A distinção fica evidente no parto, quando a mulher se contrai em fé e dor para o bebê vir à luz, enquanto o homem ao lado não pode fazer nada, exceto estar junto. A sensação de impotência sobressai a toda macheza da cultura. Eu estava ali e nada dependia de mim, não havia nada a fazer. O momento era todo dela.
Penso se não é também por isso que a cesariana ganhou tanto espaço, ao ponto de o Brasil ser uma aberração frente a demais países – porque ela atenua esse poder que é só da mulher, transformando o mito da criação num procedimento cirúrgico automatizado. Claro que a questão é mais complexa. Existe ainda a idealização do “mundinho feliz”, em que é proibido sentir dor, em que o parto requer maquiagem. Existe a conveniência dos obstetras que agendam nascimentos como horários de cabeleireiro. Existem as extorsões que Ministério da Saúde e convênios fingem desconhecer.
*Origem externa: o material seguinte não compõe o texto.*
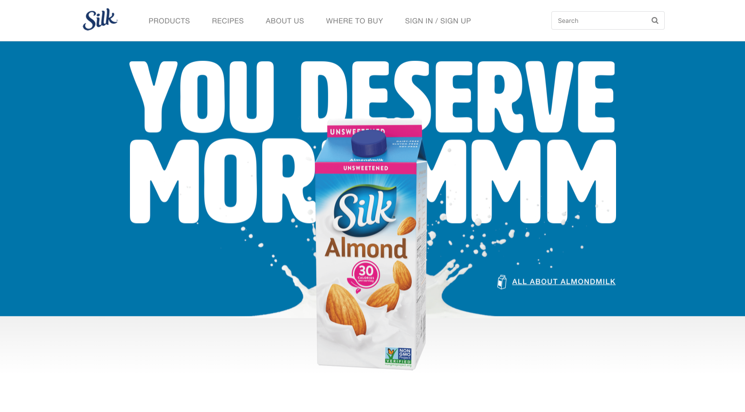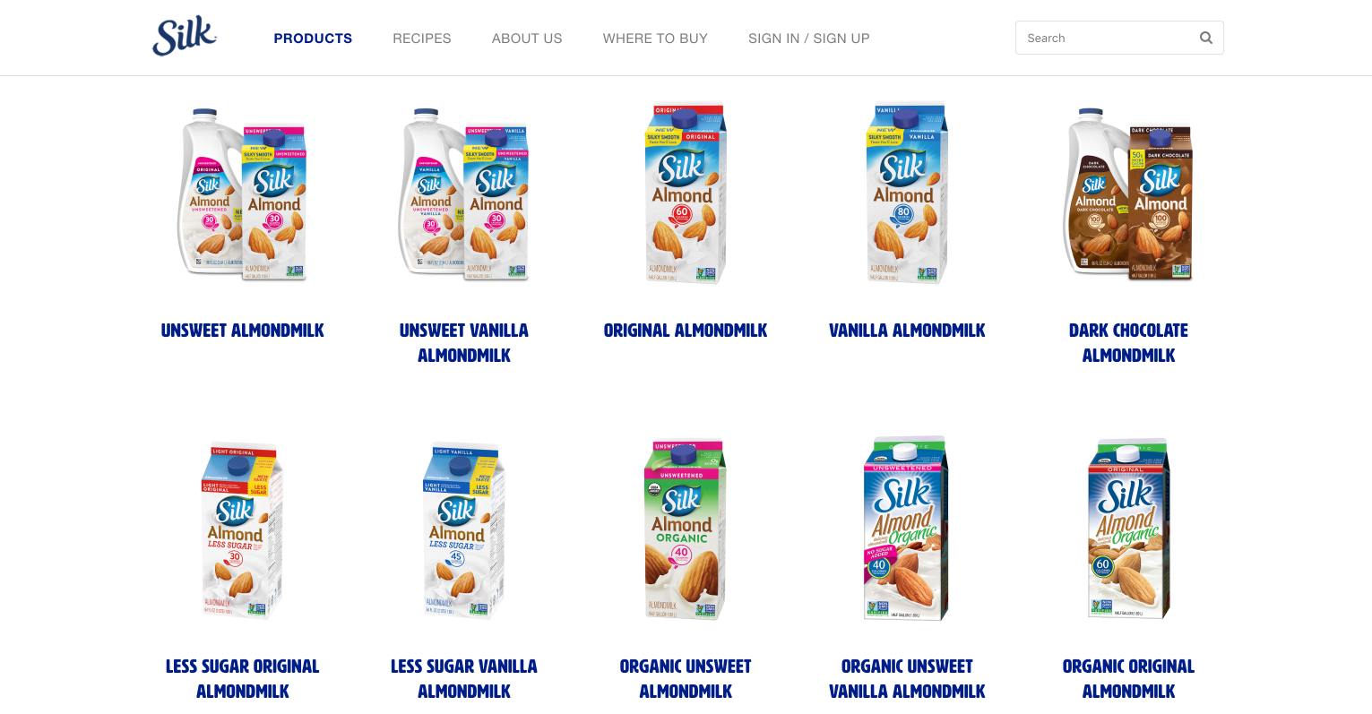 Find Silk's complete line of Almondmilk products, with a mildly nutty taste and a calorie count that isn't nutty at all, our almondmilk is perfectly poised to become your cereal’s new best friend. Plus it can be a smart swap for milk in recipes or shakes.

Outra coisa que minha filha me ensinou nesses seus primeiros dias de vida é que não devo me sentir estúpido por saber tão pouco a seu respeito, mas privilegiado pela oportunidade de aprender. Lis é um animalzinho cheio de instinto que dominou tempo e espaço. Menospreza meu linguajar rebuscado ao ponto de ele ser inútil. Eu é que preciso aprender seus meios para convivermos.
Numa dessas madrugadas de colo, enquanto me punha a dançar para acalentá-la, Lis botou os olhinhos num quadro que tenho na cozinha, estampado com versos de Neruda que dizem: “assim, a cada manhã de minha vida trago do sonho outro sonho”.
As últimas madrugadas, confusas entre o sono e a vigília, foram como sonhar acordado. Aos poucos a fantasia esmaece perante a luz do sol e revela uma bebê em sua pequenez, respirando paz, indiferente a tudo o que imagino para ela.
Percebo que minha vontade pouco importa. Não deixa de ser uma espécie de egoísmo, talvez até um preconceito disfarçado de boas intenções (o tipo mais perigoso). Aqueles projetos, ambições e expectativas precisam ser depostos. Não devo colocar em suas costas os desejos meus nem os que penso ser da humanidade. Devo é estar ao seu lado, oferecendo a ela toda a condição possível para que encontre os seus próprios desejos. Para que exercite, ao longo da vida, sua potência de ser. Meu papel, daqui em diante, é preparar o solo para a flor de Lis. Eu não poderia estar mais realizado.